Die Unternehmensgröße spielt gar keine so große Rolle. Wichtig ist, dass das Unternehmen es will. Es muss Sinn ergeben für die eigene Ausrichtung – entweder, um ein neues Produkt zu entwickeln, an dem man sowieso arbeiten will, oder um in eine neue Technologie einzutauchen, die man gern kennenlernen oder ausbauen möchte. Unter diesem Aspekt kann ein Transferprojekt auch für Start-ups interessant sein.

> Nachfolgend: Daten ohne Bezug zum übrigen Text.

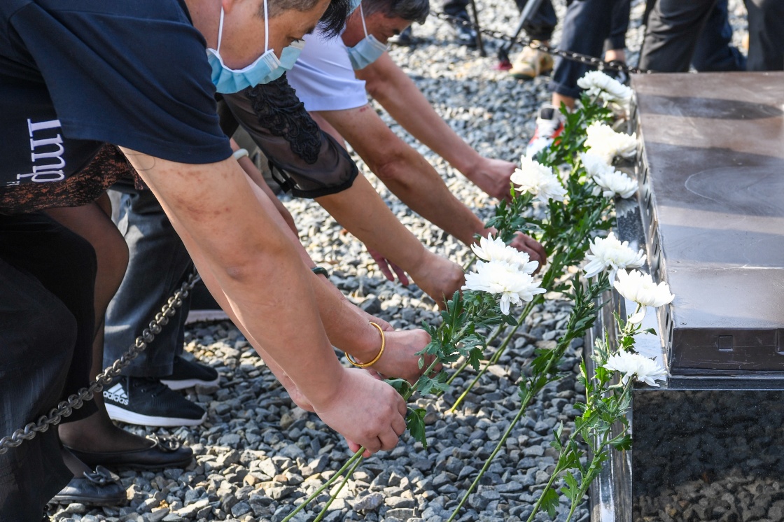9月18日,南京大屠殺幸存者后代代表在活動(dòng)中敬獻(xiàn)鮮花。
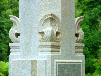 Each column has three layers of unique carvings on all four sides. There are entrances, railings, towers, and a spire, all beautifully carved. The capstone is covered with gold leaf.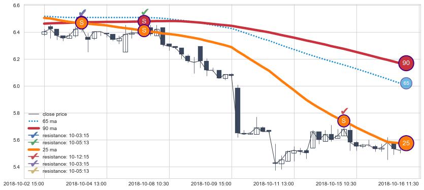 下跌趋势10-02 15:00-10-16 11:30,均线25, 90确认关键阻力3处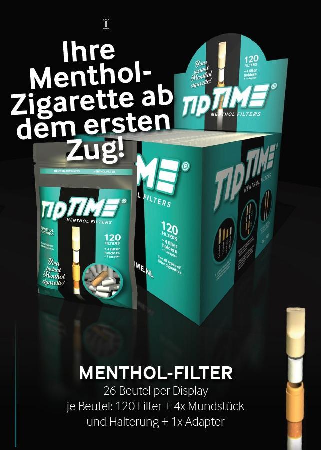 Lust auf eiskaltes Menthol? Die Tip Time Mentholfilter erweitern das Aroma Ihrer Lieblingszigarette um die beliebte Note und sorgen für maximalen Menthol-Geschmack!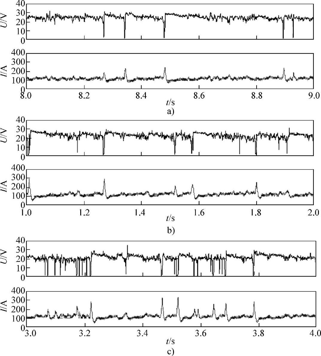 熔滴喷射过渡的最大优点是电弧挺度好,焊接电压与焊接电流的波动最小,而缺点是密集的喷洒飞溅对焊条的工艺性造成负面影响。对422结构钢焊条样品观察时发现,焊接时几乎不发生较大熔滴的短路过渡,爆炸过渡和渣壁过渡也很少出现,主要表现为熔滴的喷射过渡以及掺杂细小颗粒的被撕成块状、片状或带状等无规则形状熔体的过渡,即瞬时C型短路过渡或者完全的不短路的细滴过渡,粗略统计焊条喷射过渡的过渡频率超过100s -1 。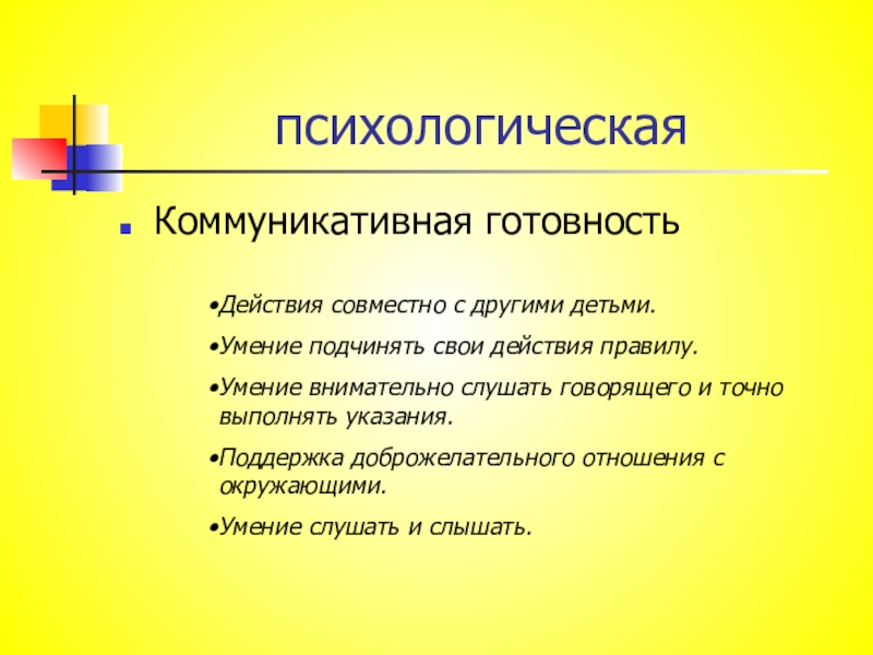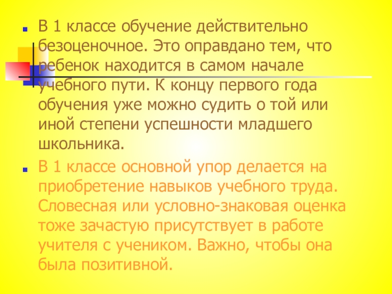 отношению к школе и учению. Такая позиция должна сделать поступление в школу радостно ожидаемым событием, вызвать положительное отношение к предстоящему учению с другими ребятами в школе и сделать само учение радостным и интересным занятием.

Sind bei Ihnen weitere Transferprojekte in Planung?
Ja, wir beantragen gerade ein weiteres Projekt zusammen mit der Ingenieurfakultät der Hochschule Mittweida. Dabei geht es um die Zusammenarbeit zwischen Mensch und Maschine in der Lagerlogistik. Nähert sich ein autonomes Transportfahrzeug von hinten einem Mitarbeiter, so stoppt zwar das Fahrzeug automatisch, der Lagerarbeiter kann jedoch trotzdem darüber stolpern. Das Problem ist also oft nicht die Maschine, sondern der Mensch! Die Idee hier ist ein „virtueller Schulterklopfer“, der den Mitarbeiter auf die hinter ihm stehende Gefahr hinweist. Das Schöne an diesem Projekt ist, dass hier von Anfang an zahlreiche Partner beteiligt sind, die das Projekt später auch umsetzen können und wollen. Aktuell läuft die Suche nach Fördergebern. Im besten Fall sind wir dann später als Elektronikproduzent mit im Boot. Bei solchen Projekten spielen wir gern mit, da sie von Anfang an auch auf den Markterfolg ausgerichtet sind.

Stand der Veröffentlichung: Mai 2022

„Transferprojekte haben unschätzbaren Wert für das eigene Unternehmen“: Matthias Banowski, Geschäftsführer/CEO der IMM electronics GmbH schätzt die wertvollen Kontakte zu anderen Unternehmen und zur Hochschule, die wertvolle Impulse für die eigene Entwicklungsarbeit des Unternehmens schaffen. Bei der Entwicklung neuer Produkte sieht er Transferprojekte als wichtigen Technologietreiber.